"Михаил Литов. Посещение Иосифо-Волоколамского монастыря " - читать интересную книгу автора

подчинялся. Ему, покорному, всего лишь и надо-то было, что придти к выводам
и тем отлично завершить посещение монастыря, а они, выводы, становились
невозможны без предварительного рассказа о старцах.
А как обойтись без них? Он, податливый воск в руках дочери, смолк,
печально угас. Но для чего было и ехать сюда, если тут вдруг оказывается
почему-либо невозможным сделать выводы?
Необходимо, промежуточно нашаривал выход Иван Алексеевич, отрешиться
от множественности сомнений, вырваться из круга противоречащих друг другу
явлений и исключающих друг друга решений, и тогда на пути к гармонии
удастся встретиться с Богом.
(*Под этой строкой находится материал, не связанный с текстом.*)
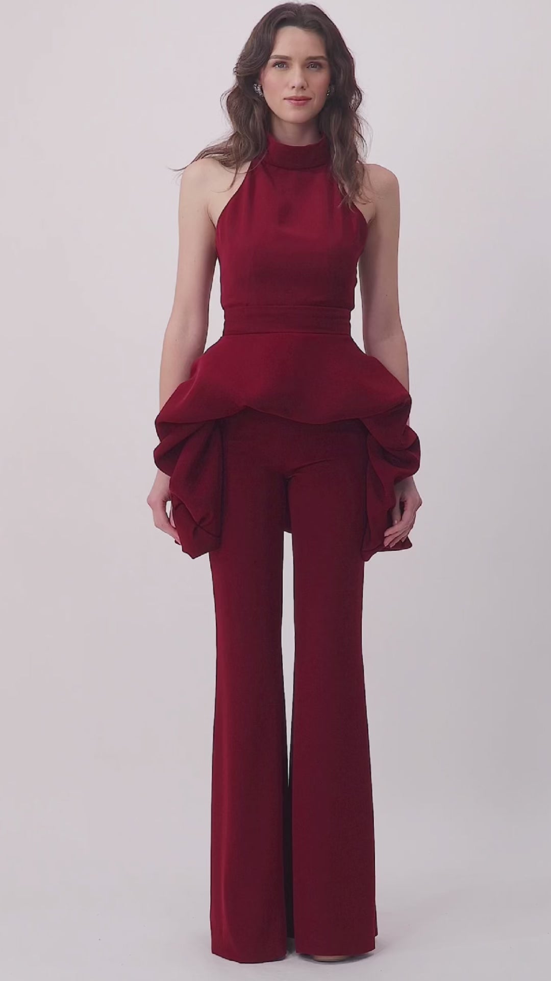 Modern elegance with a hint of flair. Crafted in rich maroon crepe, the flared pants feature a high-rise fit and a fluid silhouette that elongates the legs with effortless movement. Perfect for refined evenings, power dressing, or statement day-to-night looks.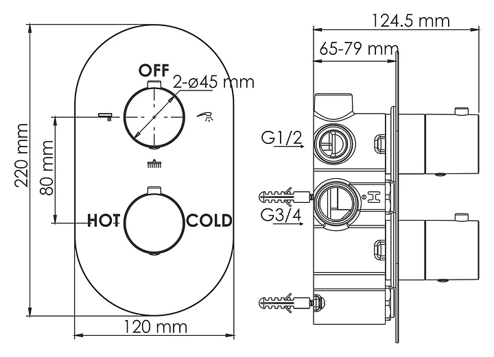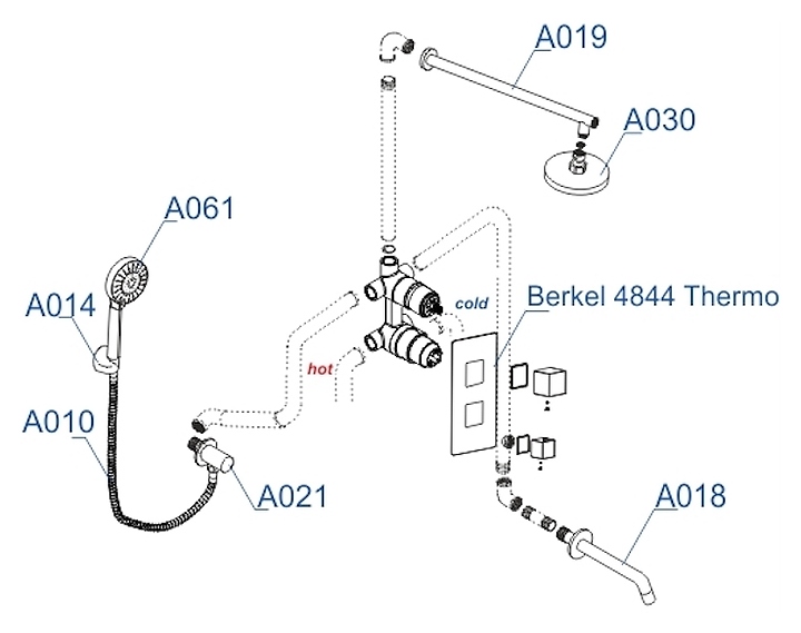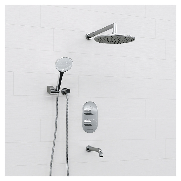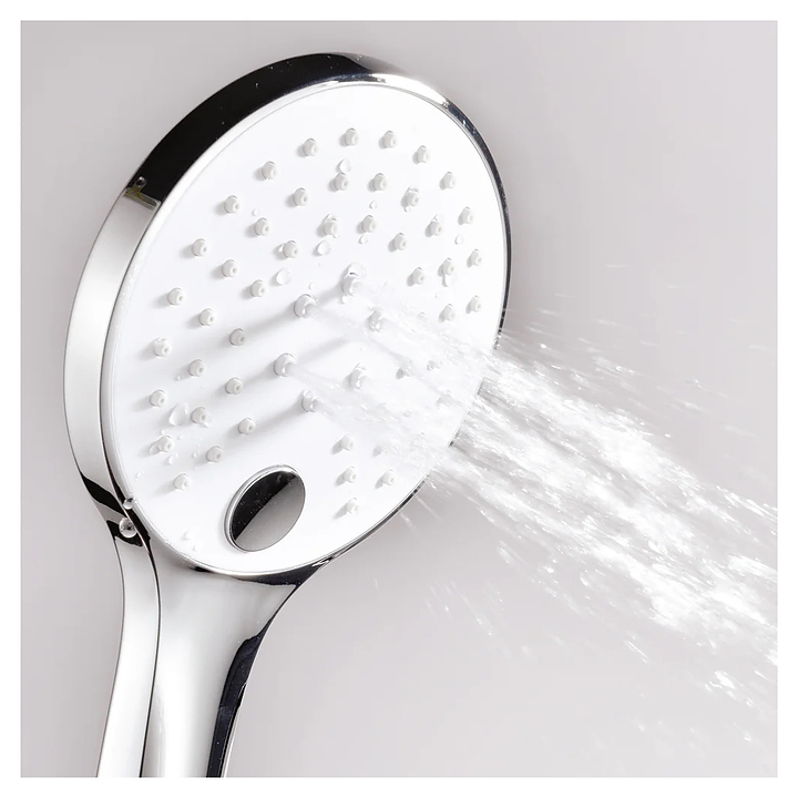 Встраиваемый душевой комплект Wasserkraft A174819 Thermo используется в ванных комнатах. Модель оснащена круглым верхним тропическим душем, кронштейном для верхнего душа, трехрежимным ручным душем с душевым шлангом и поворотным настенным держателем, изливом, смесителем, а также термостатическим картриджем, обеспечивающим поддержание необходимой температуры в независимости от давления воды. Изделие выполнено из латуни, отличающейся прочностью, долговечностью и устойчивостью к перепадам температур. В комплект поставки входит скрытая часть для установки. Комплектация: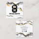 Minimalist fitness trainer business cards featuring a white background that can be changed to any color, black & gold glitter cracks, a kettlebell, your initial, name, title, contact details, and social media icons. This would make a perfect business card for anyone who trains people whether you work in a gym or for yourself. The icons can be removed by clicking on personalize and then tap to customize further.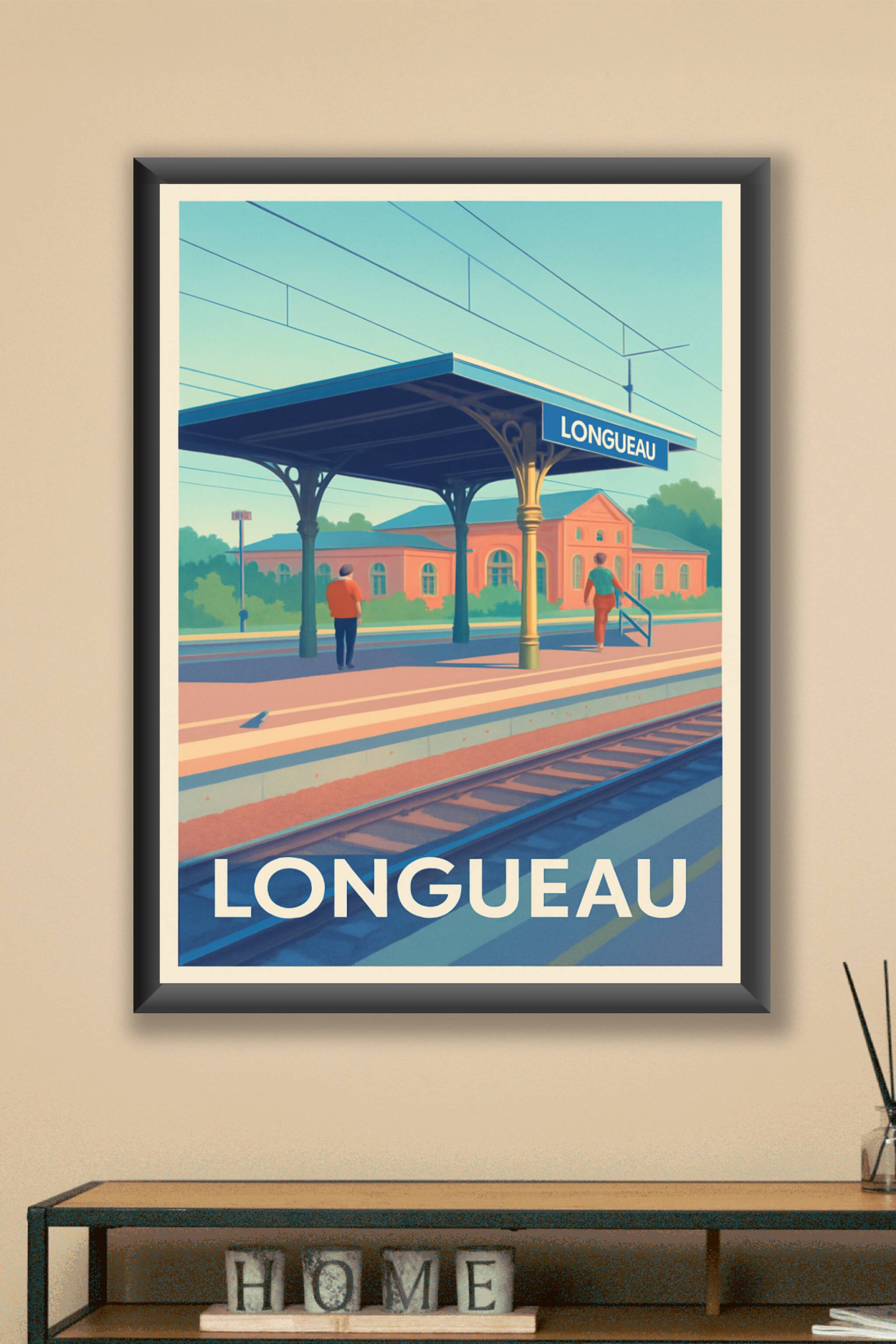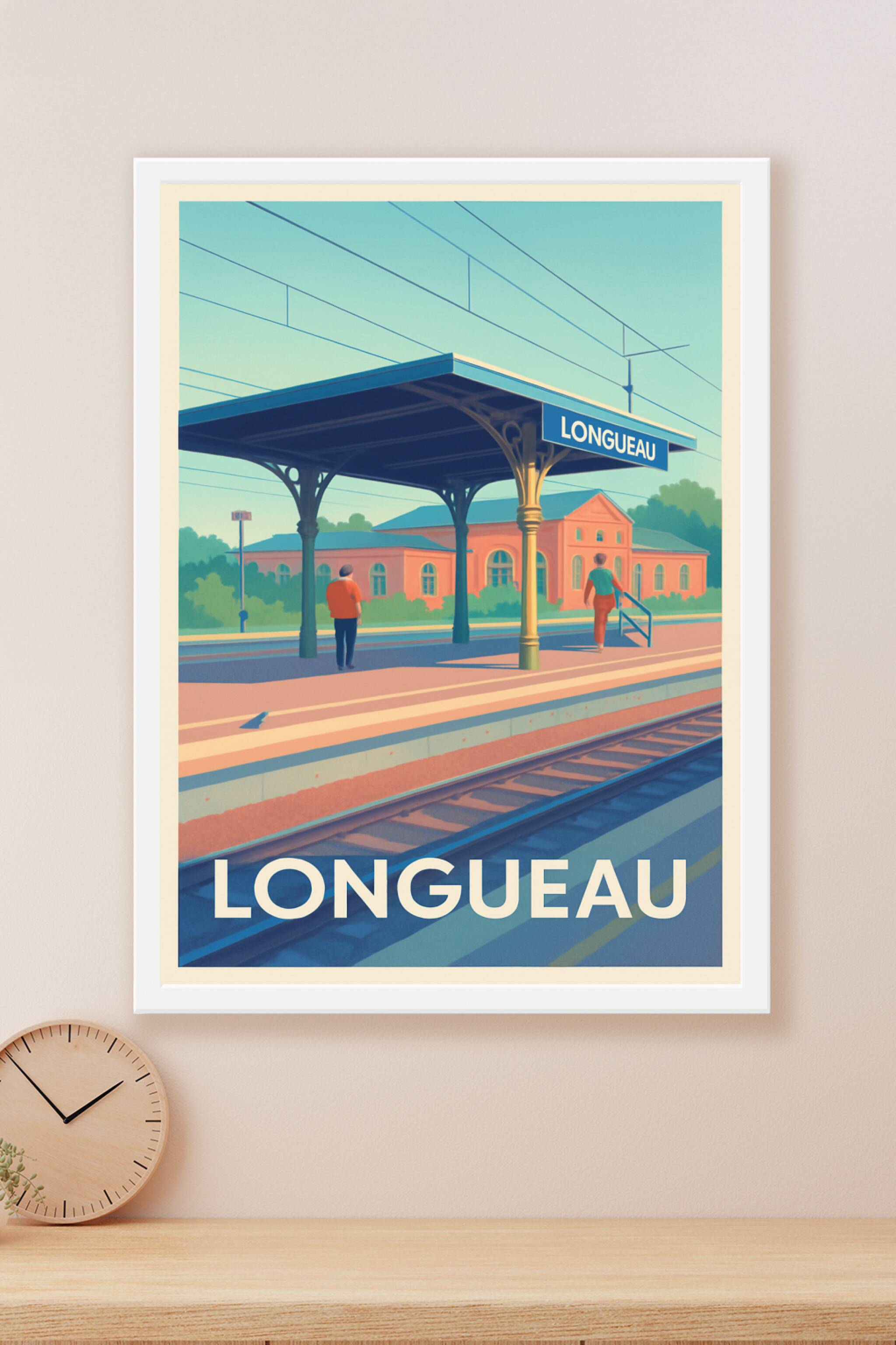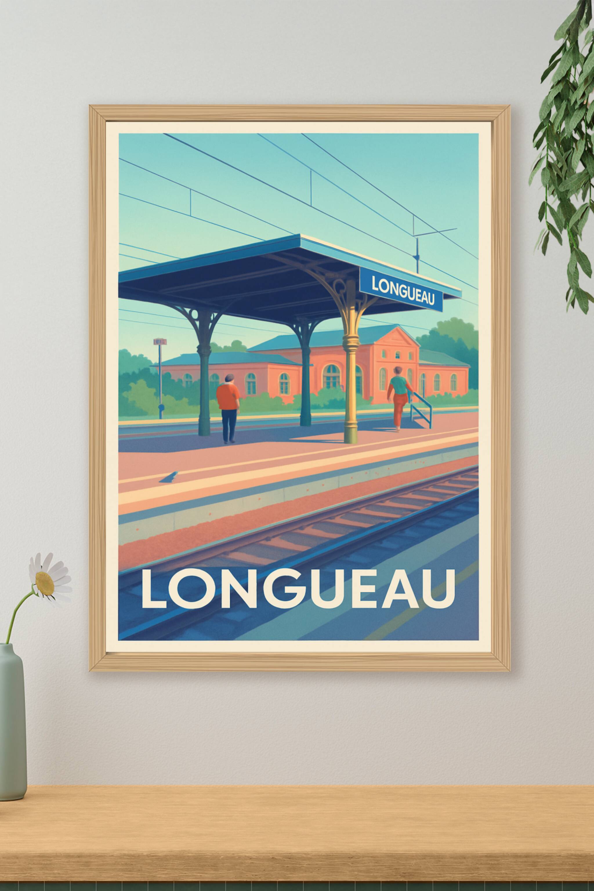 Découvrez l'élégance tranquille de Longueau avec cette affiche illustrant la gare et son quai baigné de lumière douce, où le quotidien semble suspe...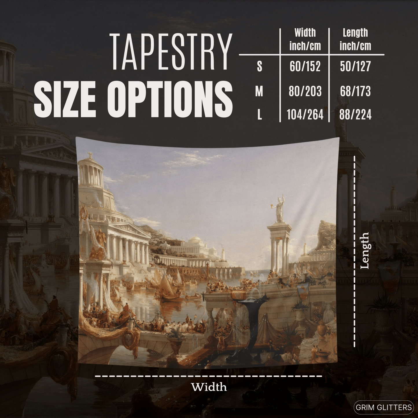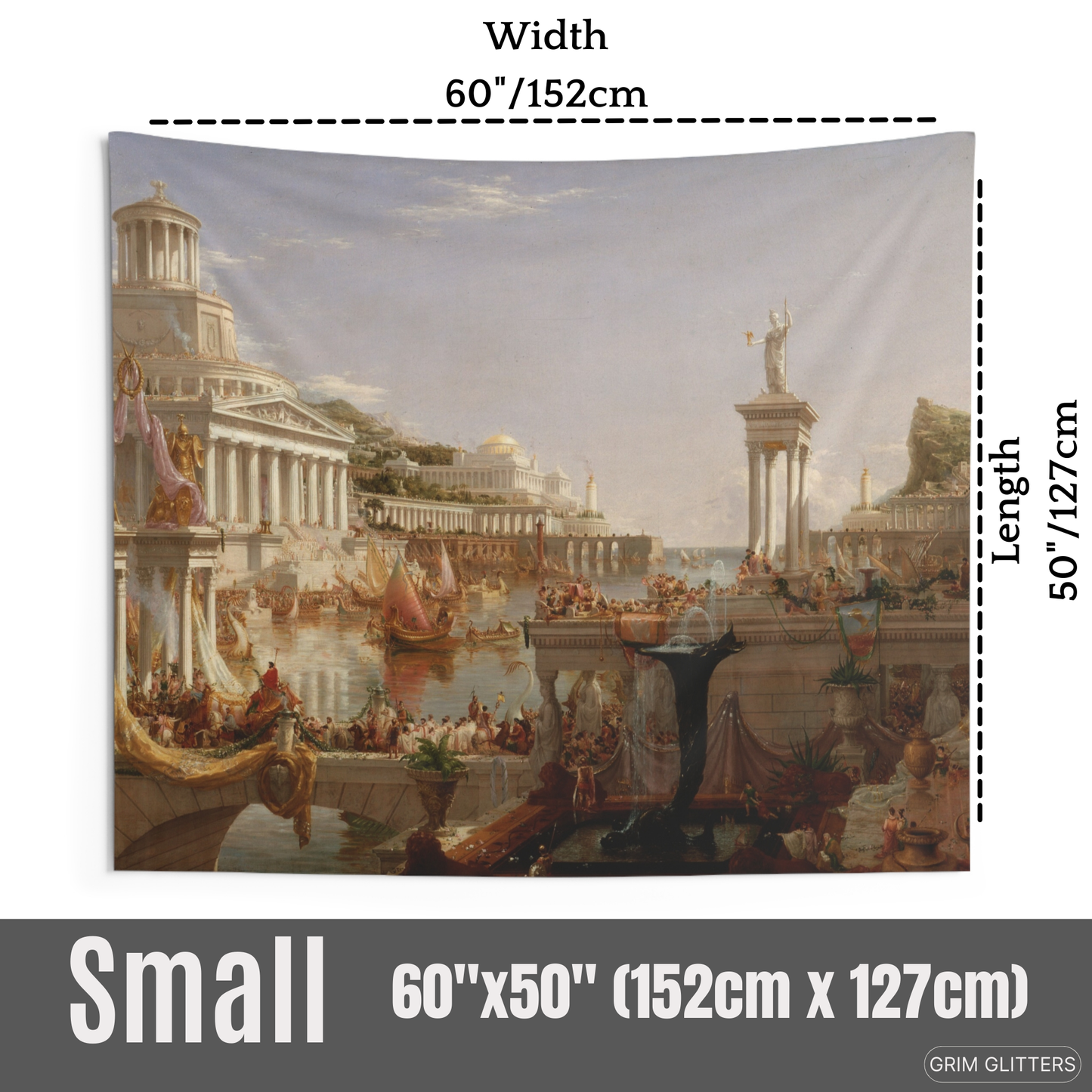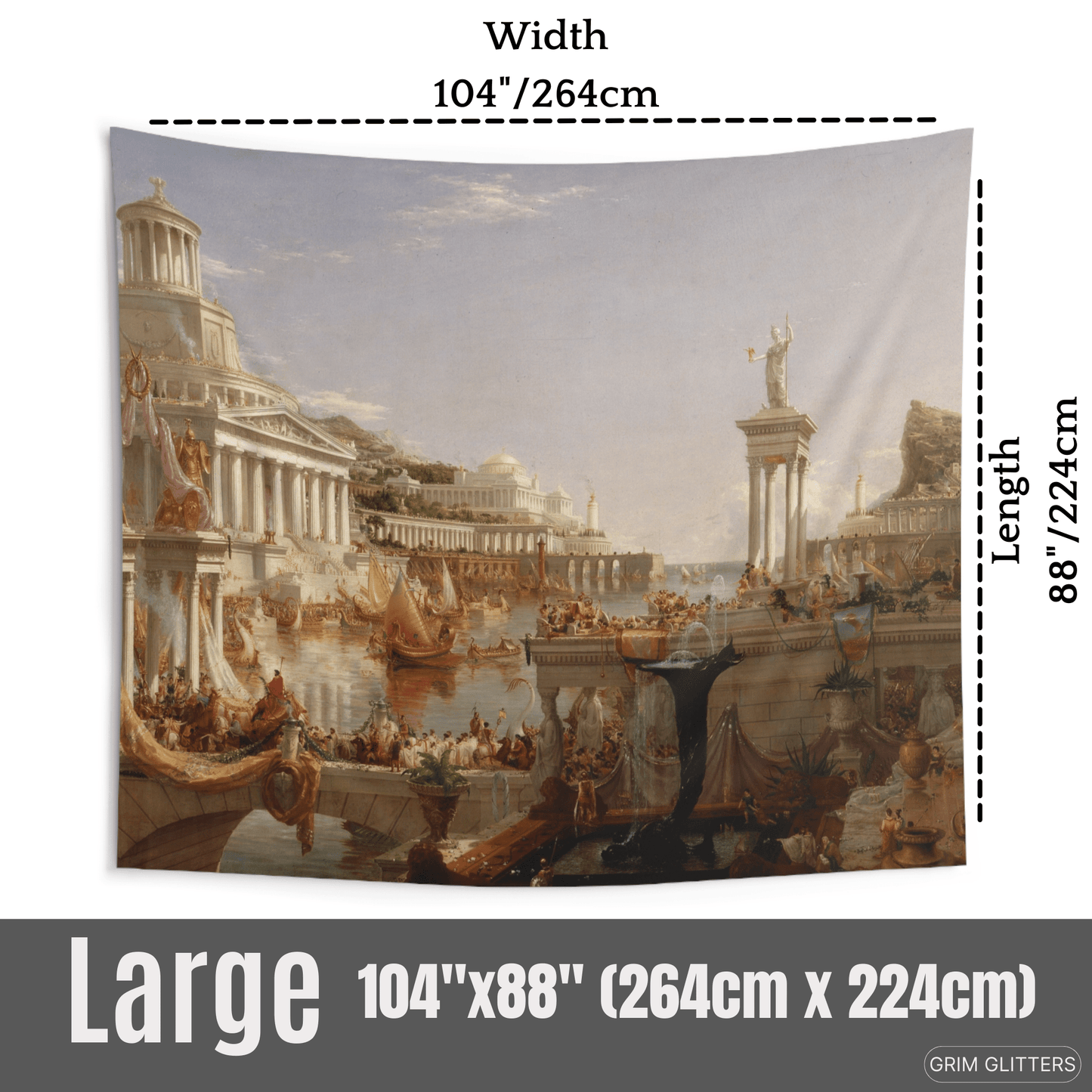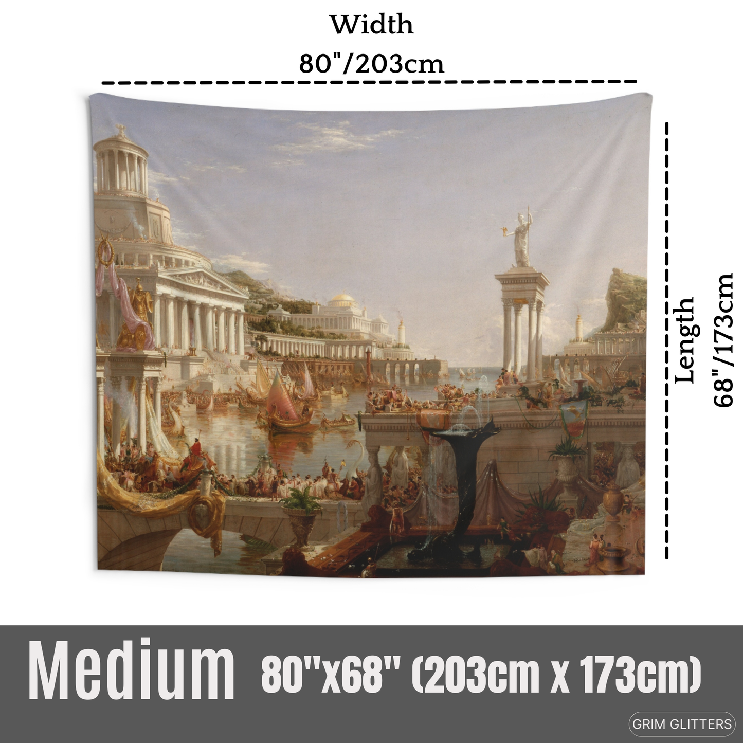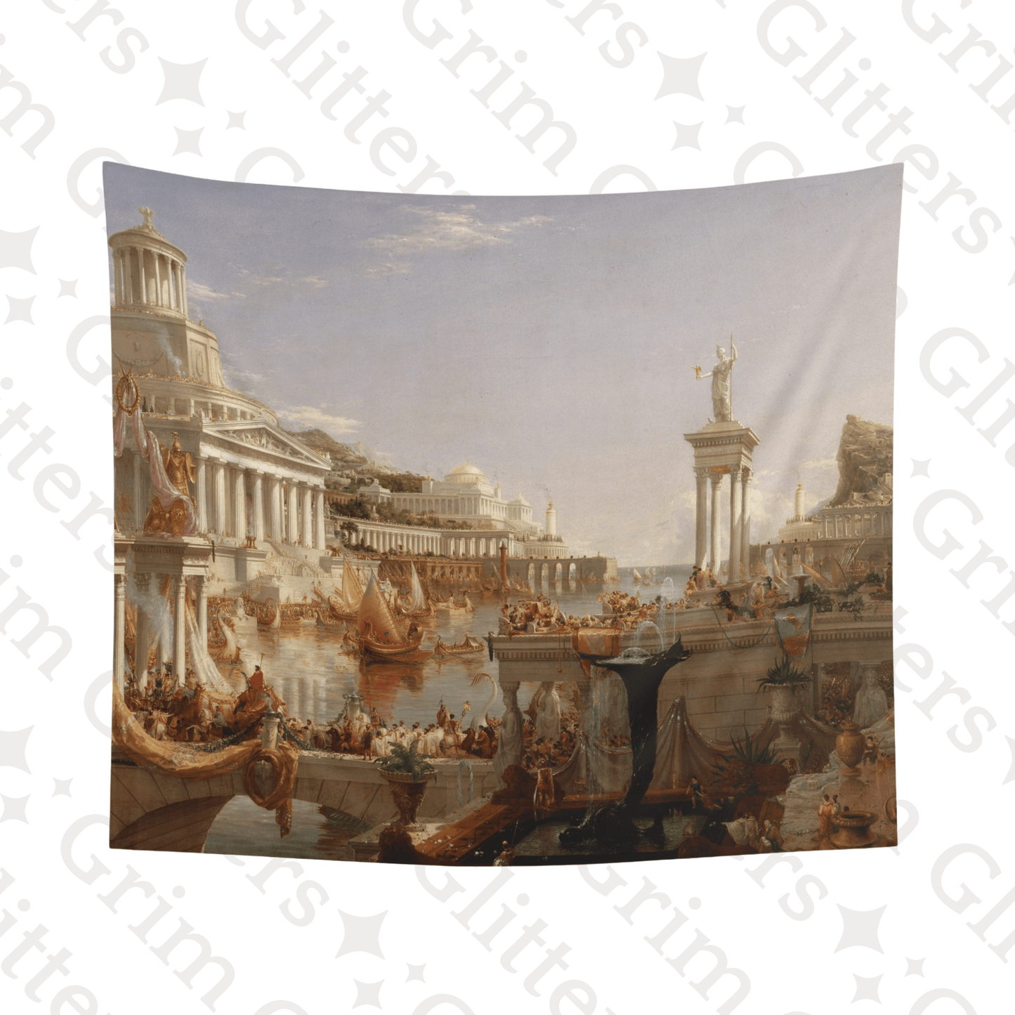 Transform your living space with the grandeur of Thomas Cole's masterpiece, "The Course of Empire: The Consummation of Empire." This stunning tapestry captures the apex of civilization in Cole's epic series, showcasing a vibrant and bustling empire at the height of its power. Perfect for lovers of classical art and Romanticism, this tapestry adds a touch of historical grandeur and artistic sophistication to any room.

Даже и начало одно только продвижения по
такому пути подарит, наверное, встречу с человеком, который внимательно и
проникновенно выслушает, все поймет и даст верную, а главное, глубокую
оценку всего пережитого тобой. Значит, нет такой проблемы, как проблема
отсутствия Бога и задушевного собеседника. Вздыхал Иван Алексеевич. Вздохом
облегчения порождал он в себе надежду на спасение и благополучный исход,
некие приятные ощущения свободы и крылатости, ибо вот же он, путь к
освобождению - надо только запрокинуть голову и ясными глазами взглянуть на
небо, вознося к нему чистую молитву. Но отяжелела голова и не
запрокидывалась бодро, а провисала, и взгляд утопал в рыхлостях, в болотах
земли. Снова он только лишь беспомощно копошился в безысходности, а
придуманная было мысль, не содеяв никакого блага, бесполезно улетала прочь.
А ведь есть еще и проблема присутствия дочери, вот этой Сашеньки,
девушки, которая сидит на драгоценной книжке, скульптурно изваявшись,
сжавшись до неподвижности, сцепив тонкие руки на коленях. И оказывается,
что победить множественность, противоречия, хаотическое разнообразие и
достичь гармонии невозможно, пока Сашенька, некоторым образом тоже
мыслящая, то и дело ухищряется выставить над ним свое размышление на манер
растопыренной пятерни и, погрузив ее прямо ему в голову, играть там
пальцами, как ей заблагорассудится. И еще оказывается, что и избавиться от
нее, просто оборвать разговор и уйти, силой прекращая это их мифическое,
мнимое единение, - тоже невозможно. А что же тогда возможно, допустимо,
приемлемо или даже по-настоящему необходимо? Иван Алексеевич не знал.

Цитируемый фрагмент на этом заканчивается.